A Song of Sorrow, Part 2

Valador Mifalis had a reputation as someone with a great deal of patience, but the woman standing in front of him was doing her very best to test it. Mifalis, who had proclaimed himself Emperor Valador I three years earlier, was sitting on his throne, holding court. Of course, the throne wasn’t the Imperial Throne, and the court was not located in the Imperial Palace, but it would have to do for now.

The woman was an ambassador from the Republic of Hadramoris. None of the three men who claimed the Imperial Throne recognized the legitimacy of the Republic, but Valador was the only one who had not openly declared war on it. An informal truce existed between Valador and the Republic, and the ambassador, Horga Volm, was here trying to turn the truce into a formal alliance. Unfortunately for Volm, an alliance was something that the Emperor had no interest in, and unfortunately for the Emperor, Volm refused to take no for an answer.

Truth be told, Valador had flirted with the idea of an alliance with Hadramoris. The President of the Republic, Eregon Fadlamis, was one of the most popular and charismatic politicians in the galaxy, and he had managed to pull together a formidable collection of provinces under his rule. An alliance would give Valador’s claim to the Throne a substantial boost, which was tempting because Valador’s position was the weakest of the three rival Emperors.

But Hadramoris, like the rest of the known galaxy, was ostensibly Imperial territory, and Valador had no intention of being remembered as the first Emperor who gave away part of the Empire to another state. As much of a boost as a Hadramoran alliance would give him in the short-term, it would cripple his position and his claim to the Throne in the long-term.

It didn’t help that Horga Volm was an insufferable windbag. She was an enormous woman, only about 5 and a half feet tall, but easily weighing 350 pounds, all of it fat. She had a red face, short gray hair that looked a bit like a helmet, and a slight mustache.

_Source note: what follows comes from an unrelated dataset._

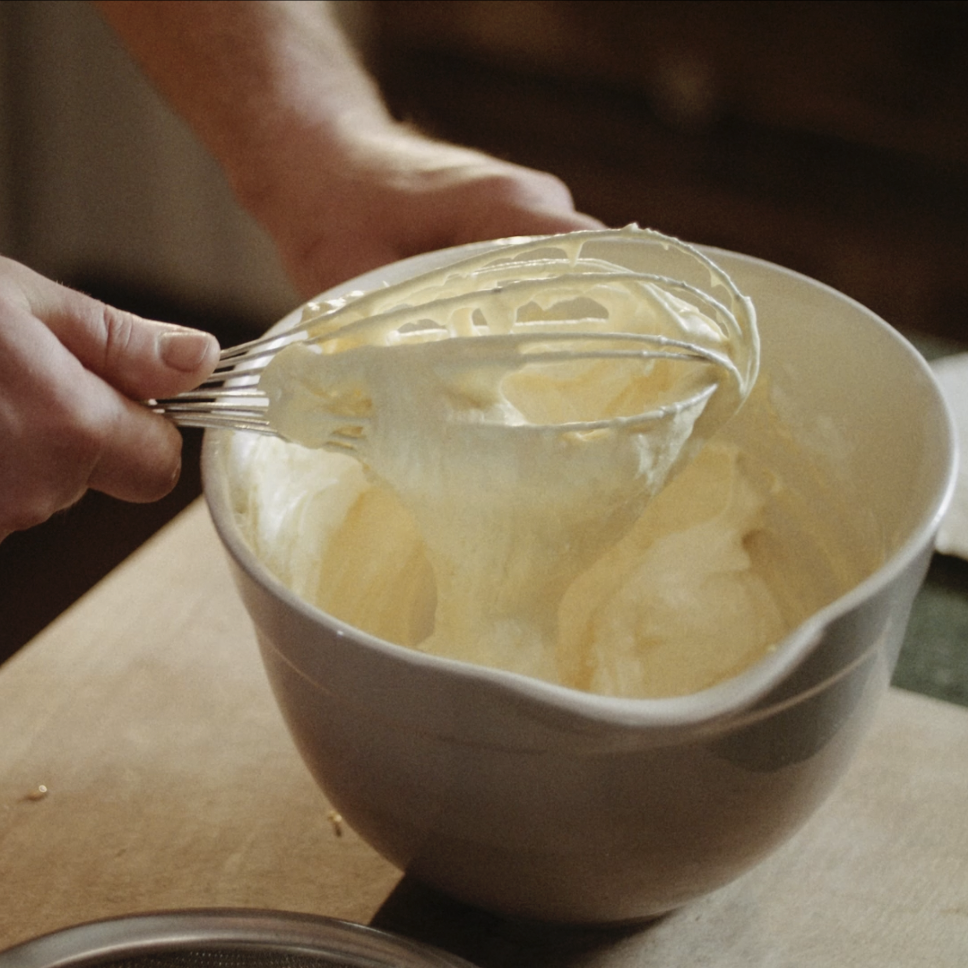 Gently add the mascarpone cheese to this mixture in several steps, then add the whites whipped stiff. Let the cream rest in the fridge for at least 30 minutes before beating it stiff.
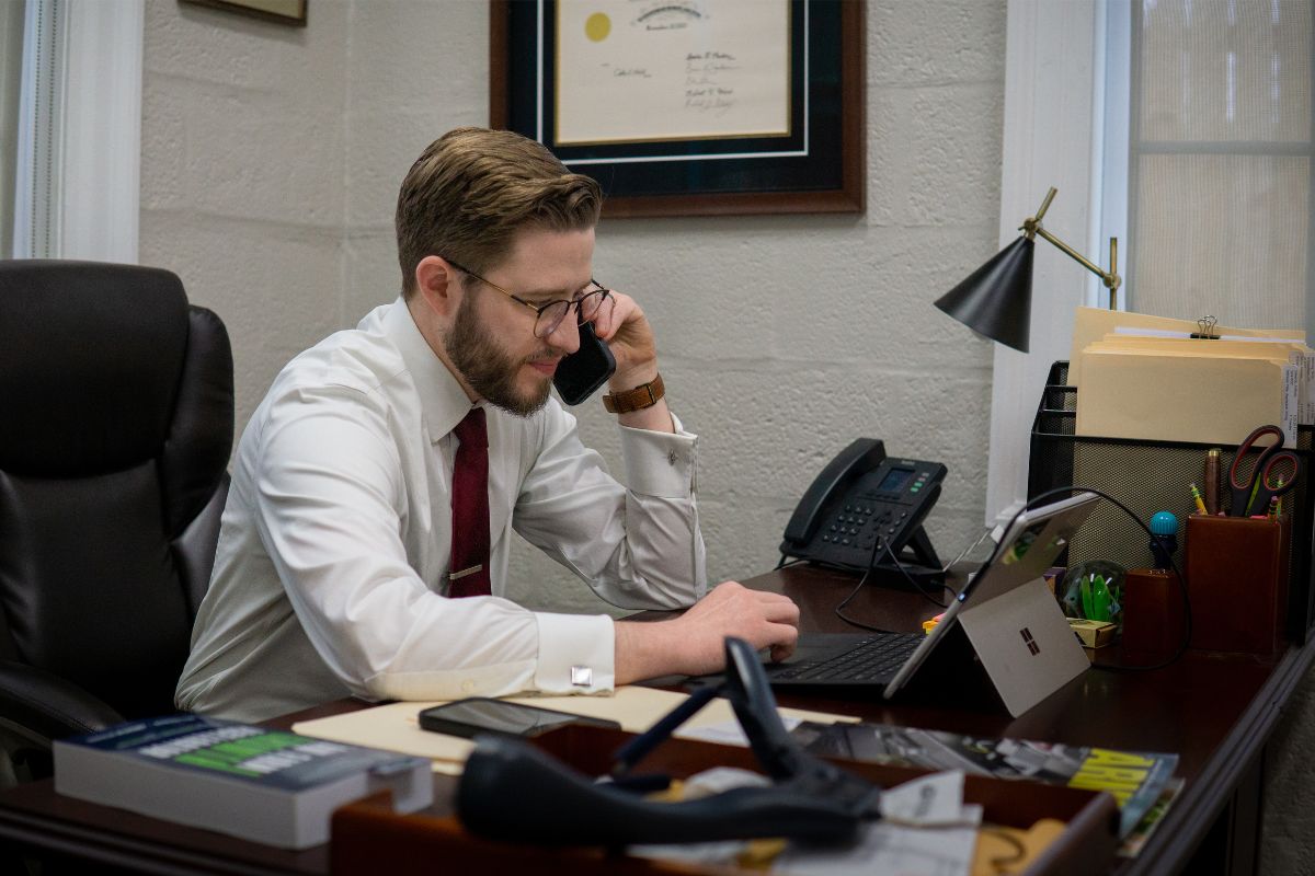 Calum Welch Norfolk criminal defense attorney talking with a client on the phone

“Your Highness, be reasonable,” Volm said for what seemed like the hundredth time, “Your claim to the throne is doomed without Hadramoran aid. General Votalin holds twice as many provinces as you, and his fleet is three times the size of yours! General Etralis has even more resources, plus the Throne itself! An alliance with the Republic is the only logical course.”

“Logical and reasonable as it may be, Ambassador, it is a course of action that would inevitably lead to my defeat,” Valador replied coldly. “What you ask for is impossible.”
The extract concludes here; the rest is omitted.